The first was the Tribunal when they became gods (made it so they were gods all along)
The second was...Talos right? Or does that count as DF?
Oh crap, forgot about the Tribunal, make that four.
1) Tribunal
2) The Marukhathi Selective when attempting to remove aspects of Auriel from Akatosh. (This even is the original Dragon Break, as it literally involved the dragon)
3) At Rimmen, when Numidium is first assembled.
4) Warp In the West
The most important part of a Dragon Break is not someone becoming a god, it is the fracturing of time (Akatosh, the Dragon God of Time).
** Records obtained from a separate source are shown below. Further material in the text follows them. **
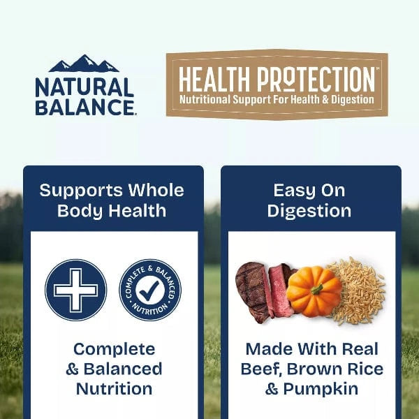 NUTRITIONAL STATEMENT: Natural Balance Health Protection Beef, Pumpkin & Brown Rice Stew is formulated to meet the nutritional levels established by the AAFCO Dog Food Nutrient Profiles for maintenance.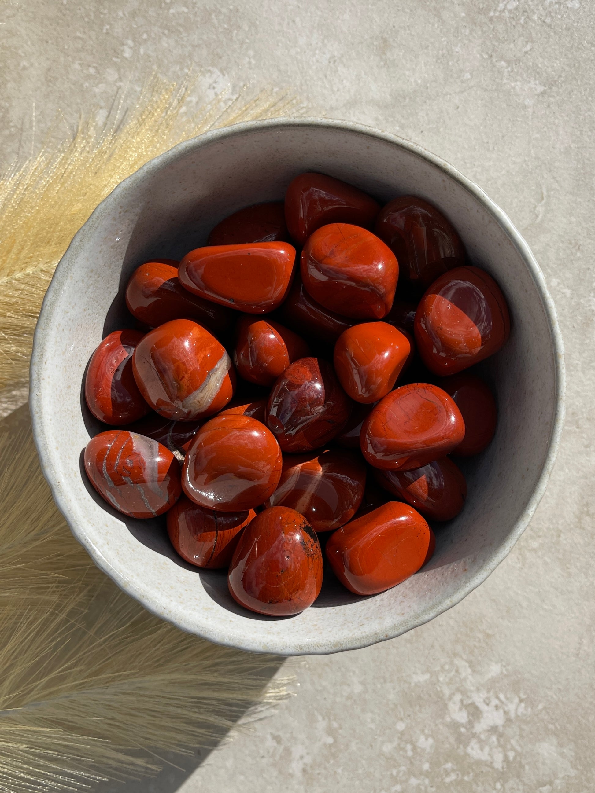 Jasper stone is a nurturing stone offering stability, protection and grounding. A supportive stone that can be used during illness or after a traumatic event. Jasper is a great stone to assist with cutting ties, ending and letting go of people and situations that no longer serve your highest good. It helps with making it more gentle and protects your energy during the process. Jasper is an opaque stone found in many different colours with or without stripes and specks. Red Jasper has Earthy vibrations and strong connections to Mother Earth. Information of Jasper from Judy Hall's The Crystal Companion.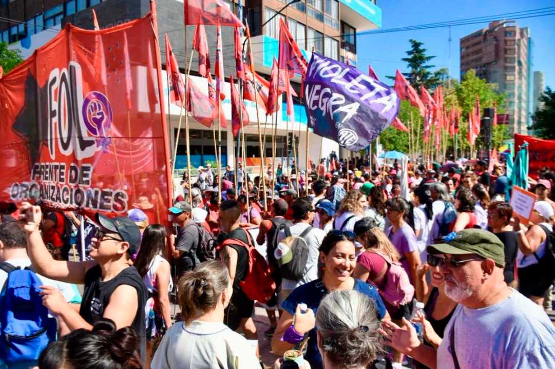 La movilización que se extendió por varias cuadras finalizó con la lectura de un documento, en el monumento a San Martín. El rechazo a la Ley Ómnibus y al DNU de desregulación económica, principal eje de la medida.

Only the King of Worm's side of the Warp involved ascension. The Marukhathi weren't trying to ascend either - their goal was to remove the elven parts of their religion. Obviously impossible, as Auriel and Akatosh are [nearly] the same. The reason the Tribunal's ascension causes a Dragon Break is not that they became gods, it is the way they became gods (using mythopoeically enchanted, earthbone bending tools on the heart of Lorkhan). On the other hand, we have the ascension of Talos, which caused no temporal confusion (that is Dragon Break). Likewise, Vivec's realization of CHIM goes unrecorded, and nothing happened when the Dwemer absorbaside-ed themselves into a god (although one could say that is because the ritual was not completed).
I'd say no, Umbra becoming a Daedric prince will not cause a Dragon break. It would depend on the second novel, of course, but at the moment it looks like Vuhumba is borrowing power. He is a powerful individual, but not technically a god.